We want to know how to handle systems that have a large number of data. In previous lesson we have discovered how to quickly access and make Scalable systems with huge dimensions, see Cloud Storage. Object storage could store billions of files, we want to handle millions of petabyte files.
Designing DFSs
The Use Case
Remember that the size of the files where heavily limited for Cloud Storage. The physical limitation was due to the limited size of a single hard disk, which was usually in the order of the Terabytes. Here, we would like to easily store petabytes of data in a single file, for example big datasets. Another feature that should be easily supported is highly concurrent access to the filesystem, last but not least being able to set up permissions in the system.
Desiderata of distributed file systems 🟩
In this case we have a Filesystem. In 2004 google created his own FS. With hundreds or thousands of machines the systems are practically guaranteed to fail. This leads to a requirement of
- fault tolerance
- We need to detect these errors so we need monitoring and error detection
- we would like the system to be self-regulatory and have the ability of automatic recovery
Efficiency in operations 🟨–
HDFS is designed primarily for write-once, read-many access patterns typical of big data processing workloads. We will later see that MapReduce works quite well with this methods.
We want to be efficient in
- Scanning the file
- Appending information to file atomically So that we can have a temporary place for intermediate data or sensors or logs. This needs to be very efficient for appends. Immutability is ok in this case.
Latency should not be the bottleneck (with plenty of small files we are losing a lot of files to lookup) but throughput should be the bottleneck. This is why the Distributed File System that we will be studying is optimized for high-throughput data processing rather than low-latency access to small files.
Hadoop
Primarily:
• Distributed File System (HDFS)
• MapReduce
• Wide column store (HBase)
Starting form 188 in 2006 when the filesystem has been developed, now it should handle more about 100k files, about 600PB of data!

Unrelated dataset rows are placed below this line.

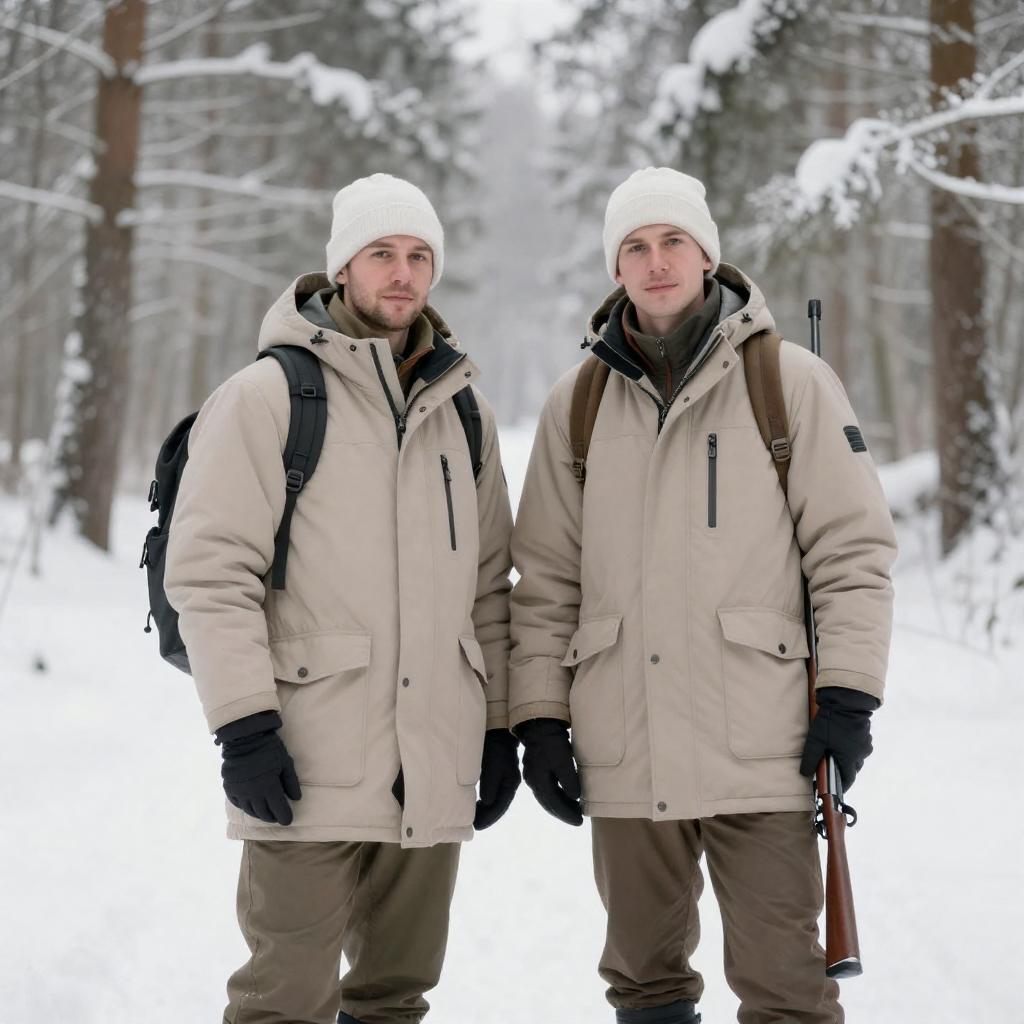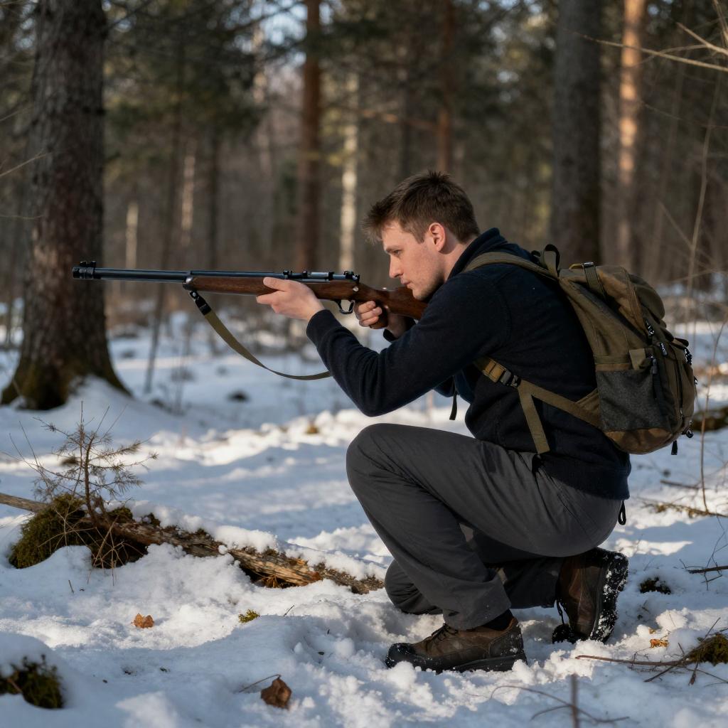 A bearded man in a brown coat and knit hat aims two handguns, one in each hand, at a snowy, tree-filled background. Snow covers the ground and branches, with a blurred, overcast sky above. His focused expression contrasts with the serene winter landscape.
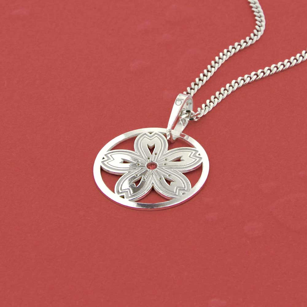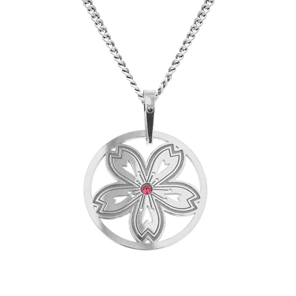 Na stříbrný řetízek jsme zavěsili půvabný stříbrný přívěsek představující jemnou květinu s pečlivě zpracovanými detaily a růžovým kamínkem uprostřed.
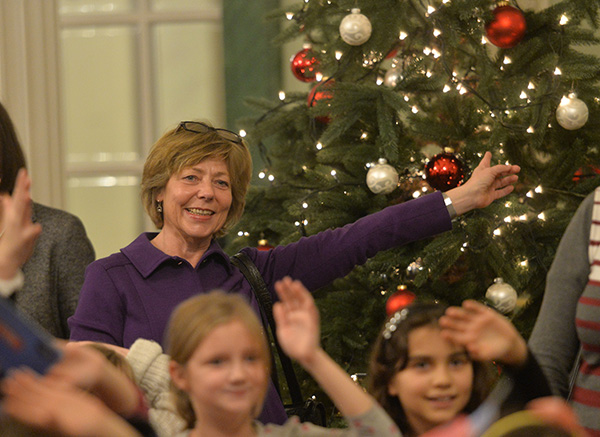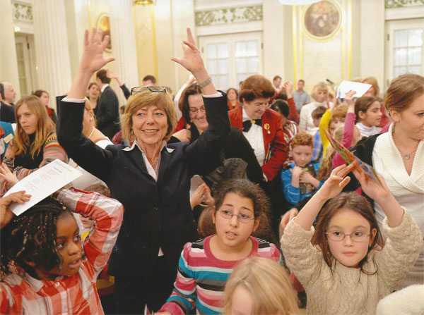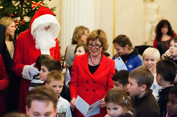Schirmherrin Daniela Schadt machte auch beim gemeinsamen Weihnachtsliedersingen begeistert mit und freute sich über die Kinderklassikgala: „Musik regt die Wahrnehmung, das Denken und die Gefühle der Menschen auf besonders intensive Weise an. Daher freut es mich als Schirmherrin der Kinderklassikgala im Konzerthaus Berlin, dass Heranwachsenden ein wunderbares Erlebnis ermöglicht wird. Ich wünsche mir besonders, dass die Kinder und Jugendlichen, die bisher keine Gelegenheit hatten, die einzigartige Welt des Theaters, der Oper oder eben eines Konzerthauses zu erleben und noch nicht mit klassischer Musik in Berührung gekommen sind, diese Welt hier mit Staunen und Freude entdecken.“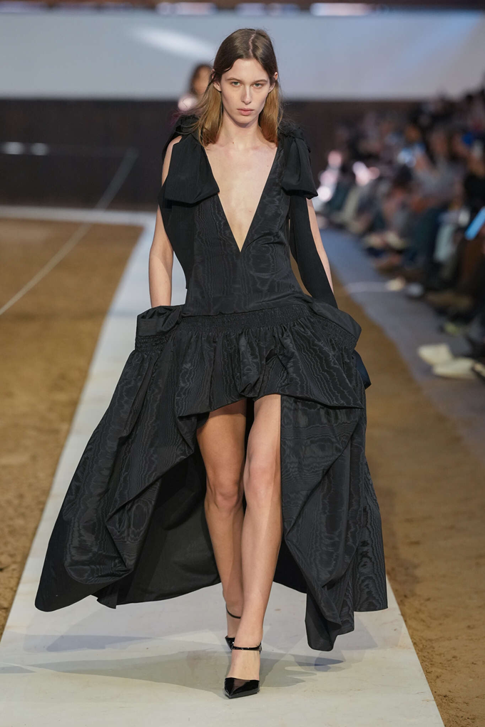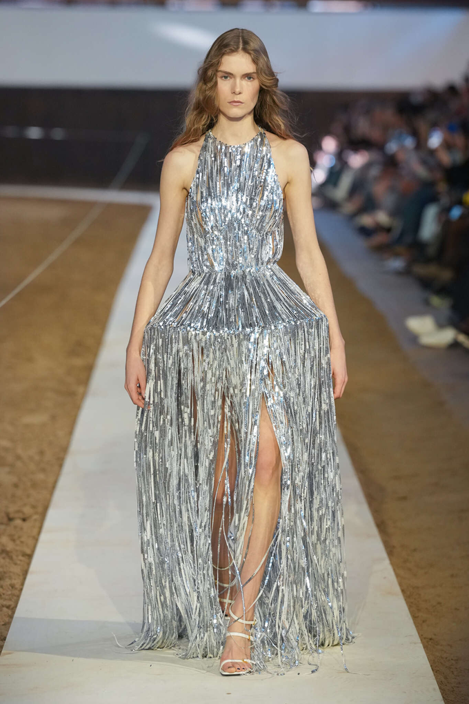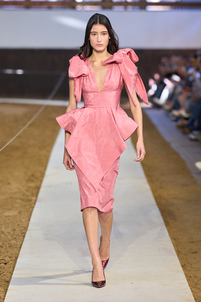 승마 부츠와 스터럽 팬츠를 프레피 스타일의 스웻 셔츠와 매치하고, 시퀸으로 뒤덮인 드레스와 스커트는 엉덩이 부분을 버슬과 주름 장식을 더해 승마 테마의 구조적인 테일러링과 우아함이 균형을 이루었다.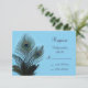 Elegant peacock feathers decorate this wedding RSVP on a turquoise background. The RSVP is shown on the basic paper; however, I recommend the shimmer of the pearl shimmer paper to bring out the iridescence of the feathers.
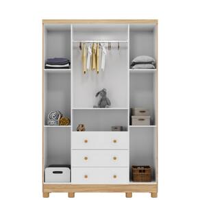 O Guarda-roupa Móveis Peroba Junior Cor Branco comAmêndoa referencia 4688.87, com puxadores em ABS, cabideiro metálico, 2 opções de rodapé, corrediças telescópicas, 100% MDF e sistema antitombamento. É a escolha ideal para o quarto infantil, combinação funcionalidade e estilo clássico. Com quatro portas e três gavetas, oferece amplo espaço para organizar roupas e acessórios, mantendo o ambiente sempre arrumado. Sua estrutura em 100% MDF garante durabilidade e resistência, suportando até 60 kg. Esta guarda-roupa se adapta perfeitamente a diferentes espaços. O cabideiro e o espaço para calçados proporcionam praticidade no dia a dia, enquanto as corrediças telescópicas nas gavetas garantem um uso suave e eficiente. Ideal para quartos de bebês e crianças, o design em branco traz leveza e luminosidade ao ambiente, permitindo que você crie um espaço acolhedor e encantador. A montagem é necessária, mas o resultado final vale a pena, transformando o quarto em um lugar organizado e estiloso.
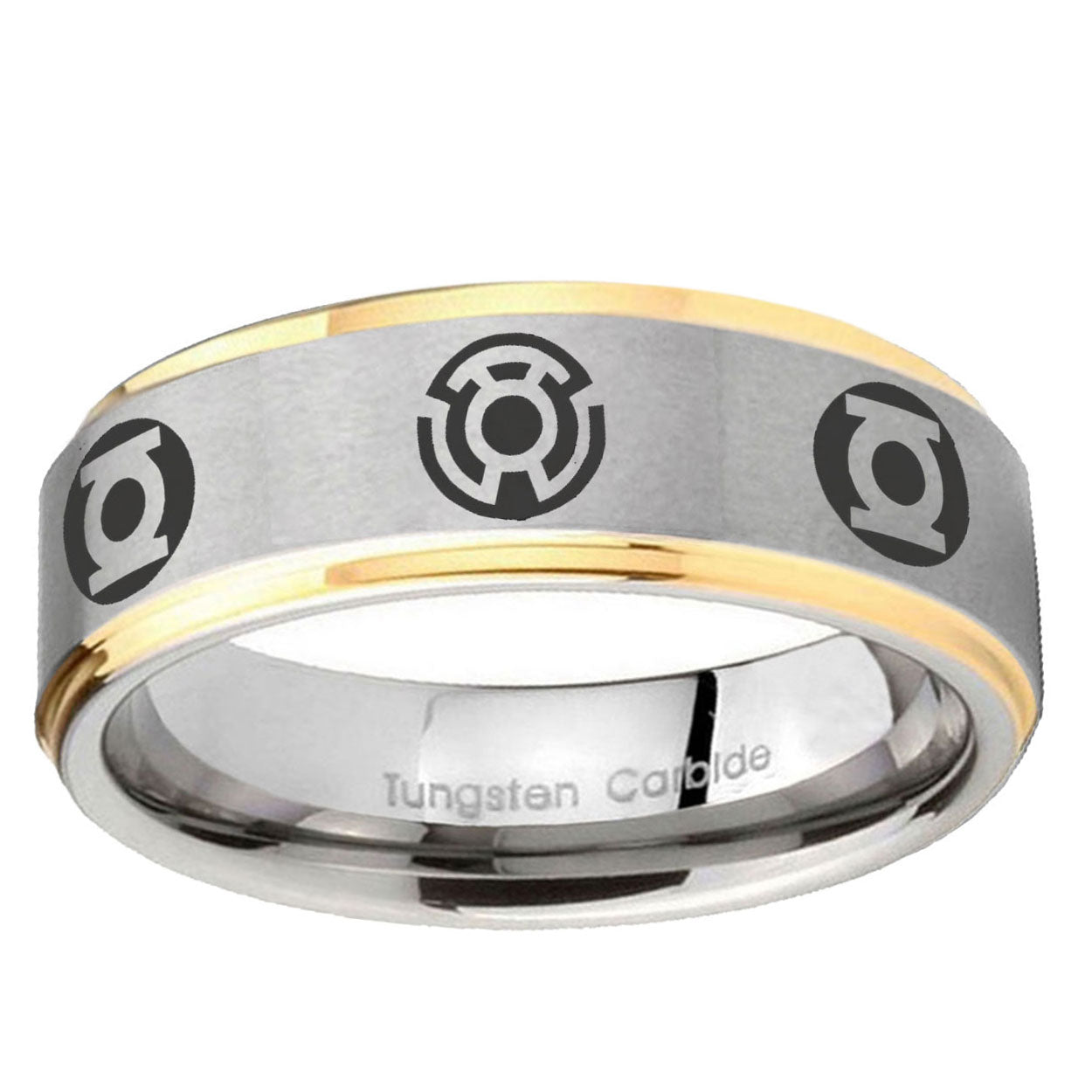 Intruding 5, 8mm Blue Green Lantern Step Edge Gold and Gray Ring Silver Wedding . Offer in both 5mm and 8mm band width brushed grey and gold finished from size 4 to 14
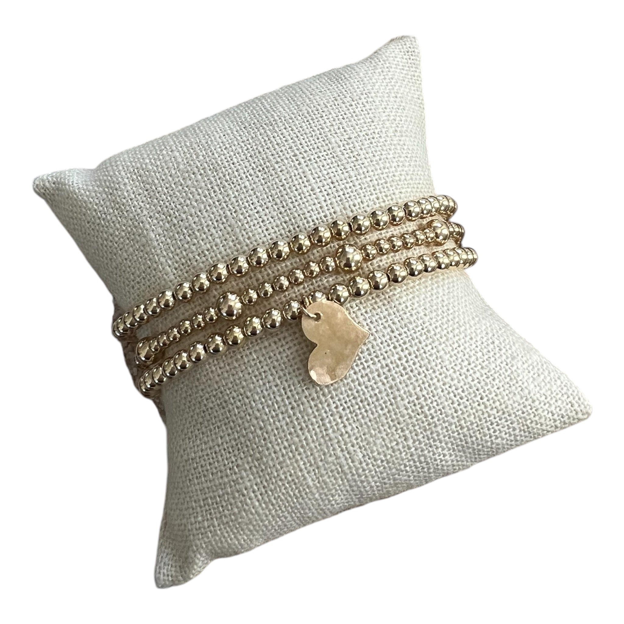 All Pansy Day bracelets are strung on a 7 inch elastic band and feature a signature turquoise bead near the clasp.
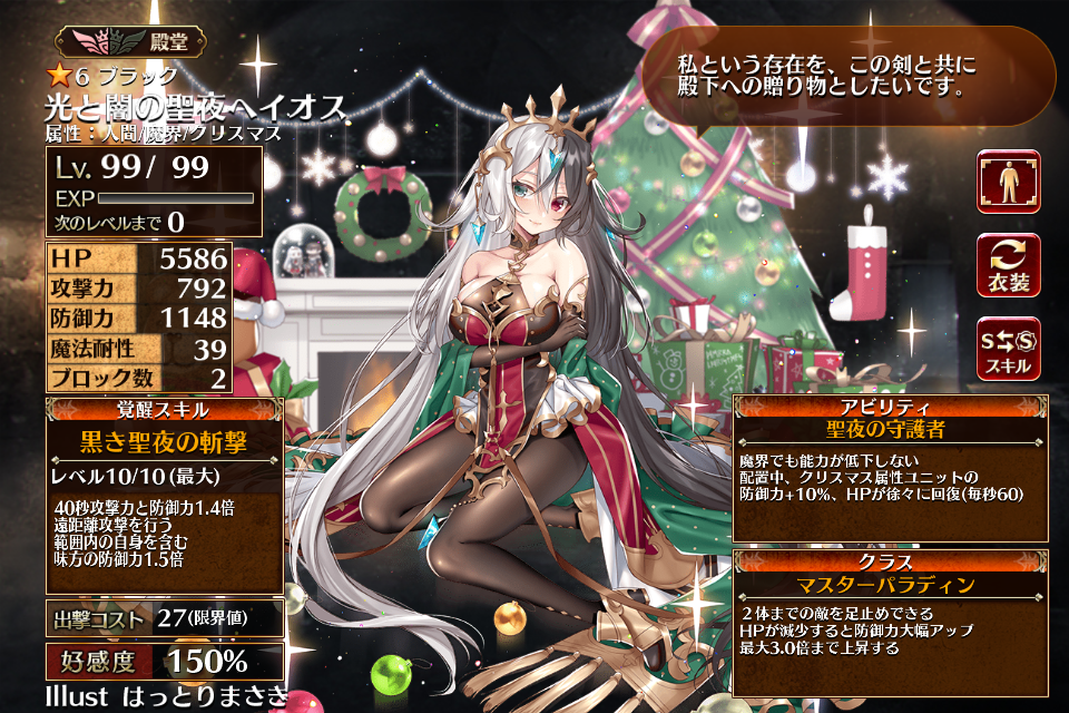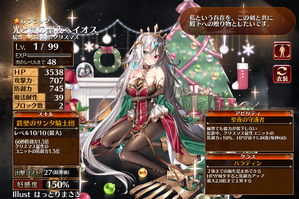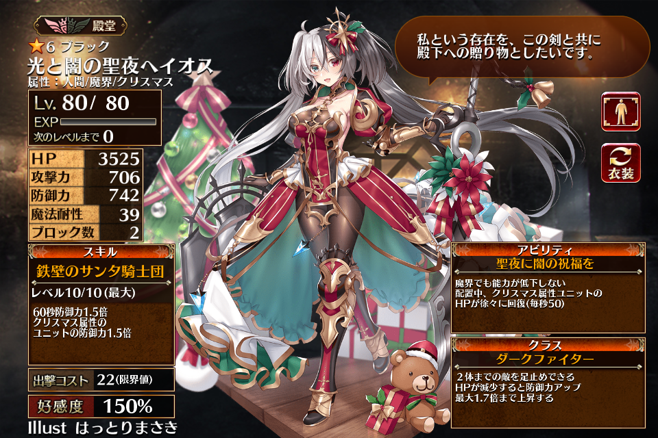 召喚枠黒ダークファイターである光闇の騎士ヘイオスのクリスマス衣装バージョンで、属性にも「クリスマス」を持つ。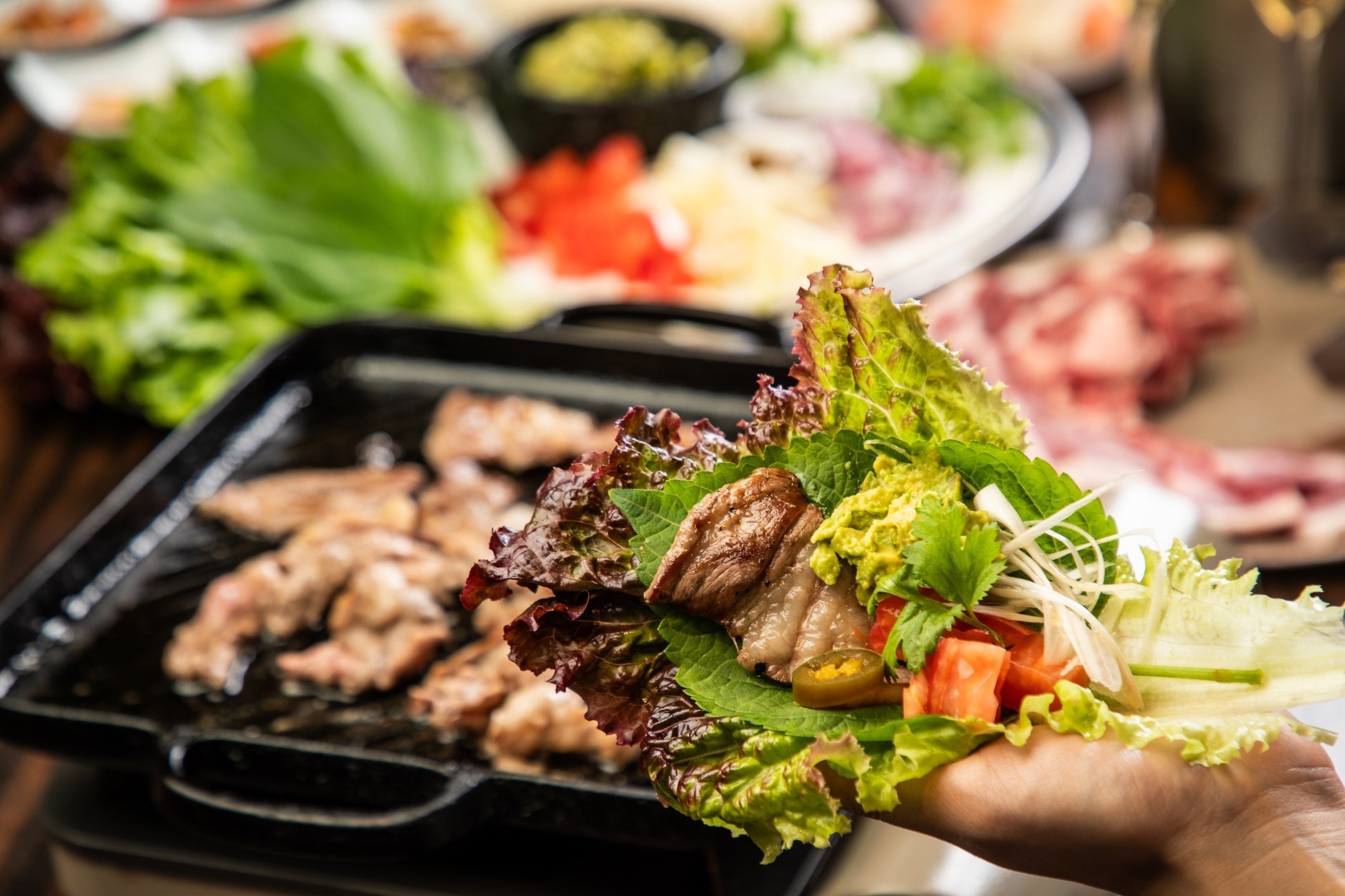 ラム肉をトマトやアボガド、ハラペーニョ、パクチーなどを包んで味わう新感覚サムギョプサル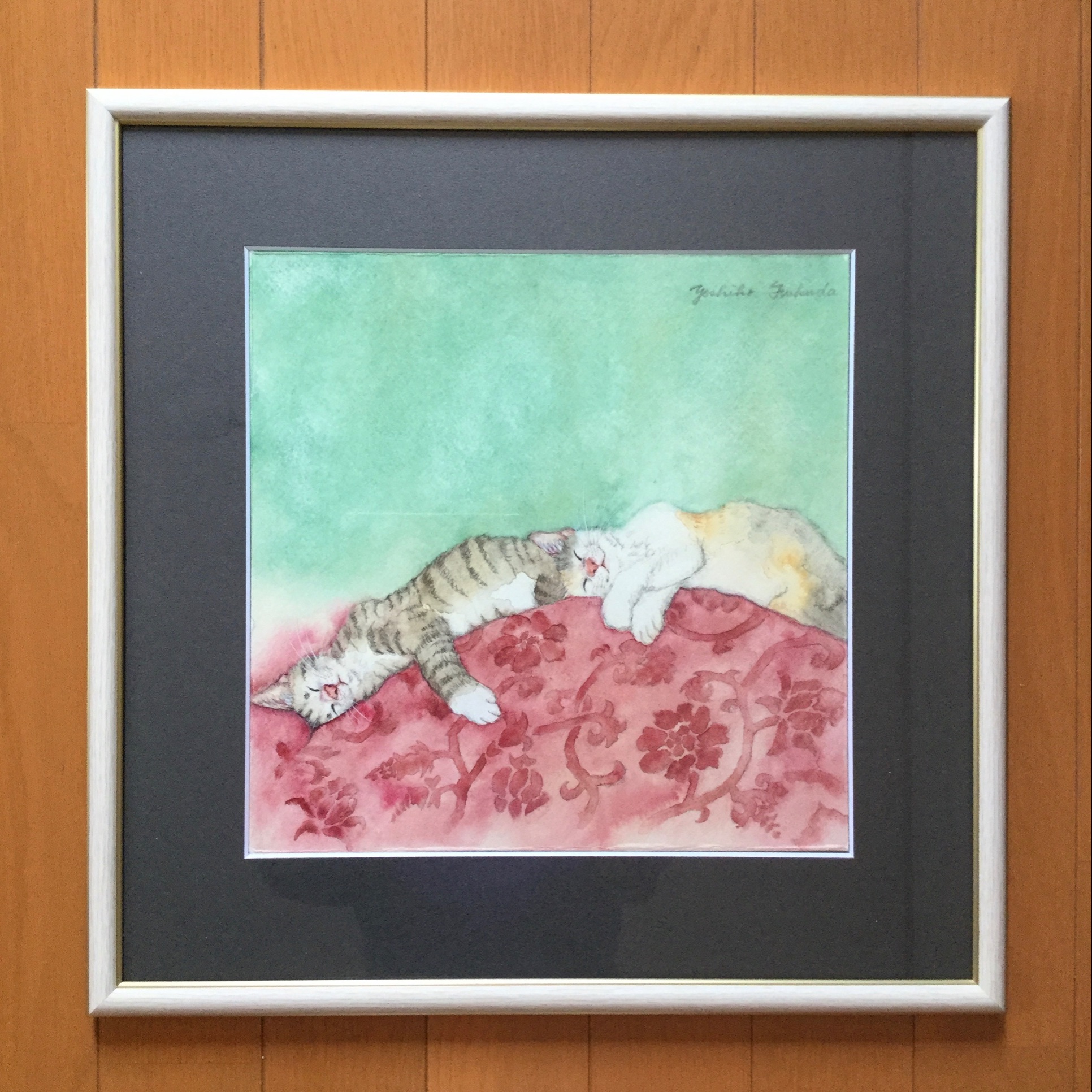 この度は当店をご利用いただきまして誠にありがとうございました。今までは破棄されていたとのことですが、猫ちゃん達の豊かな表情が描かれている、とても素敵な作品だと感じました。飾ることで、より作品への愛着が沸くと思いますので、また額装されたい作品がございましたら、いつでもご相談ください!
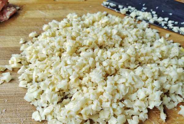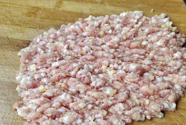 3、豬肉生薑也剁成末,要想這個餡做的比較鮮嫩,可以多來點薑,如果傢裡的孩子不愛吃薑,那麼擠一些新鮮的薑汁替換薑末

We will start first by looking at the logical model and then to the physical model, following Codd’s data independence idea (Codd 1970).
The logical model
In this case we have a file hierarchy. And we have block storage (also called chunk, split, shard, partition) instead of unstructured object storage we studied in Cloud Storage#Object Stores, which are seen as a single big object. These documents have a far larger block size, usually of 64-128MB. We have 64 for Google and 128 for Hadoop. In Hadoop, blocks are files, so we don’t have fragmentation on the filesystem. This is because on a network cable having many files takes more time than a single bigger file, because of the latency. of file disk seeks. There are also other reasons it might be advantageous having this block size:
- Limit metadata on NameNode about every block
- Client need to interact less with the NameNode.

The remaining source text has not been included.